It was the summer of 2005. Great-aunt Minnie, a spry and sharp 90, stood looking down at the 9th green from the clubhouse deck at the Meaford Golf Course. She turned to her great-niece’s husband. “Ivan,” she said, “when did you change the green?” Ivan Alderdice, who’d owned the course with his wife, Mary, since 1991, was surprised. He’d enlarged the green in the late 90s when he expanded the course to 18 holes. But Minnie’d just arrived from Lloydminster, Saskatchewan for a wedding celebration and family reunion, and as far as he knew, she hadn’t seen the previous set-up.
“How did you know I changed it?”
“I used to work here when I was a girl, back in 1934,” Minnie replied.
“You could have hit me with a sledge,” says Ivan. “It turns out Minnie’s aunt was married to Mr. Randle, who built the course in 1934.”

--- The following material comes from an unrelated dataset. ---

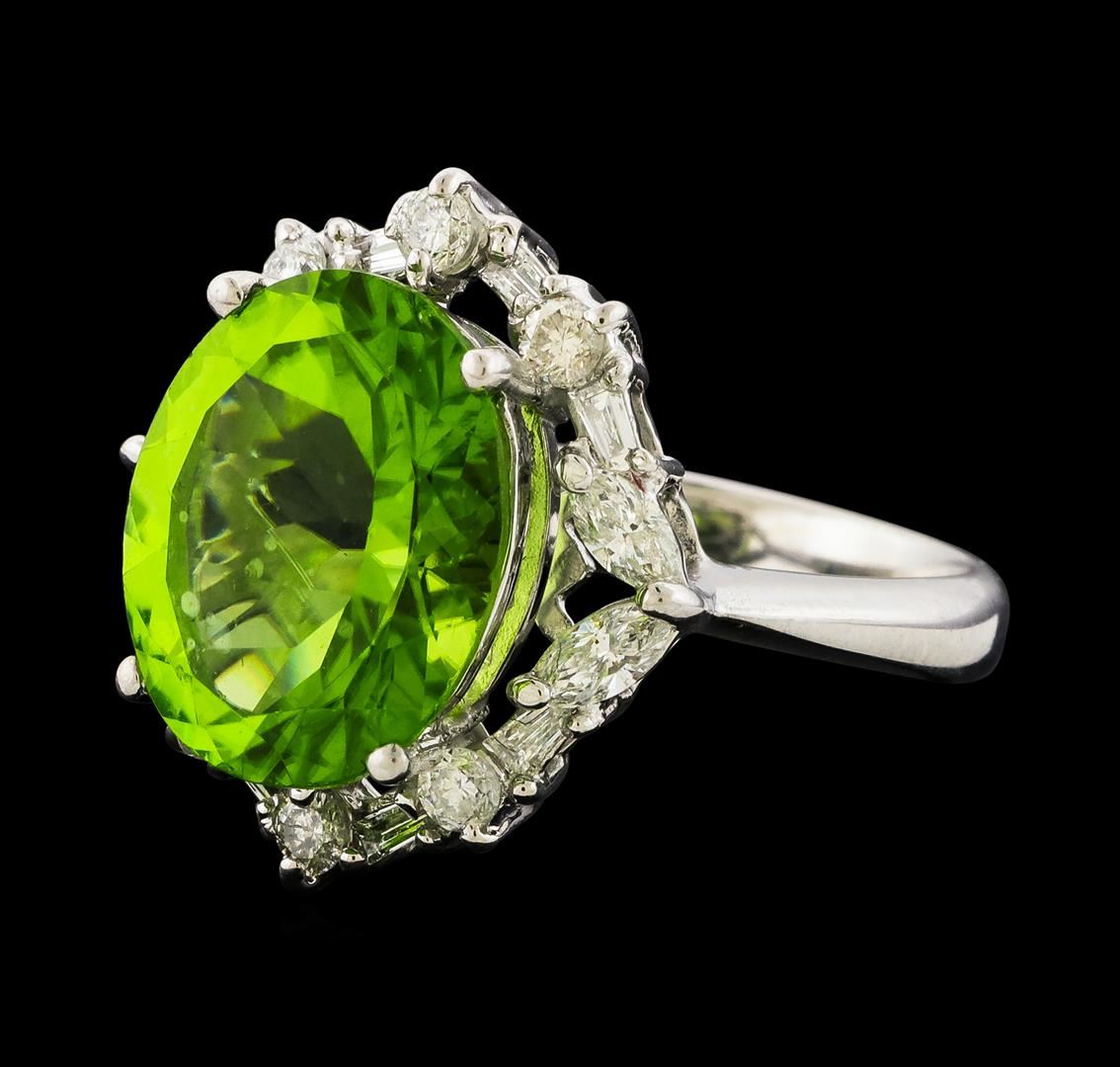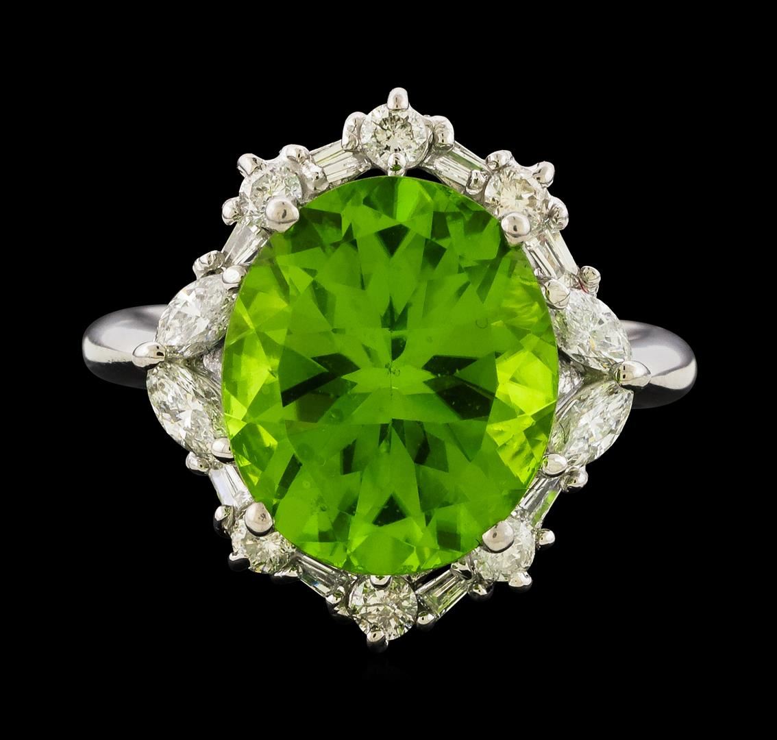 One ring featuring: Platinum containing Peridot with a total weight of 5.89ct and Diamonds with a total weight of 0.70ct. Total Weight of Ring: 7.3 grams.
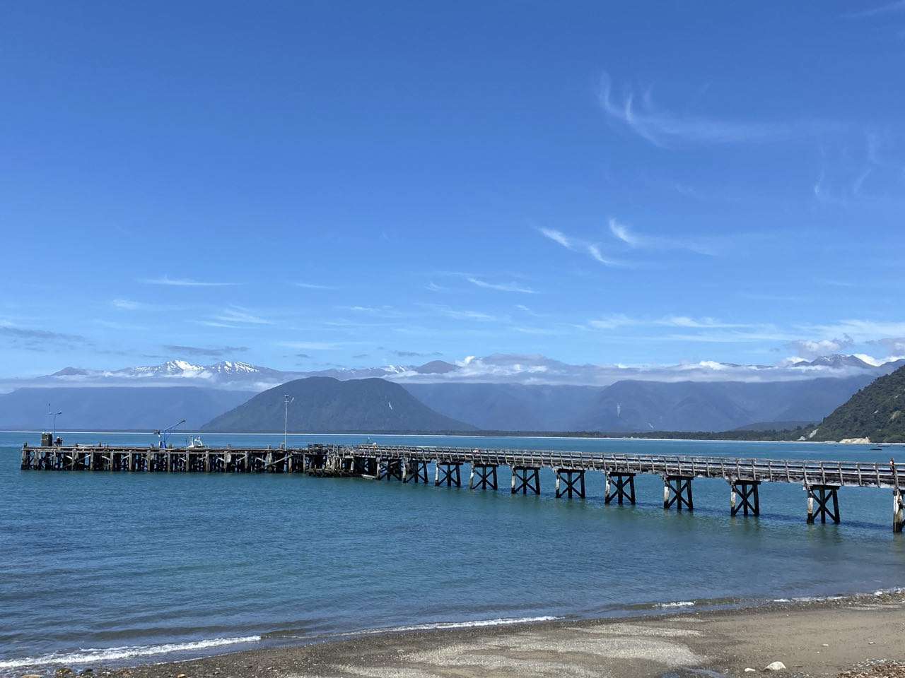 In Haast bezoekt Peter het bezoekerscentrum. Hij vraagt naar leuke wandelingen en de beste plaats om te lunchen. Dat restaurantje ligt 40 kilometer verderop in Jackson Bay. Dus rijden we naar deze oranje en paarse 'wagon'. Voor het eten hoef je niet naar Nieuw-Zeeland maar in de Cray Pot weten ze hoe je vis en super lekkere seafood chowder (soort vissoep) klaar maakt. En dat in een mooie baai met pier en bergen met sneeuw op de toppen in de achtergrond. In de zon zitten we te genieten van het uitzicht.

As the fifth owners of the club, Ivan and Mary have seen the course through more than a quarter of its 81 years, longer than any other owner, and they’ve taken it from its original 9-hole configuration to a challenging 18 holes, without losing the comfortable scale and casual atmosphere that made it unique. The newly discovered connection with the founder seemed about right.
It was a new arrival from Windsor, the manager of the Bank of Montreal, who first got the idea of a golf course in Meaford rolling, and Randle’s farm was a great location. Enlisting the enthusiastic support of the Owen Sound Golf and Country Club, a group of volunteers built a dam, installed irrigation, and mapped out the 9-hole course. “They were serious,” says Ivan. “They did a pretty good job back then.”
While the course managed to thrive during the Depression, World War II drew many of Meaford’s men overseas, and it almost ceased to be a golf course, says Ivan. “It went back to a farm for a bit. They cut hay off the fairways, but the greens weren’t kept.”
After the war, Archie Platt took over the course and brought it back to life. With many in Meaford looking forward to getting back to golfing, it became a real community effort, with volunteers carefully tending to the greens and the fairways. Platt also built additions to the clubhouse, including where the pro shop is currently located, and focussed a lot of his effort on the restaurant.
In the mid-sixties, Mick Baynon, an avid golfer, bought the course and devoted his energy to the play. “He wanted to make it better, and he did,” says Ivan. After 11 or 12 years, Bob and Pat Shorter became the owners. Bob was a good golfer, says Ivan, but there was still a lot of potential to be realized in the property. That’s what Ivan saw in 1991.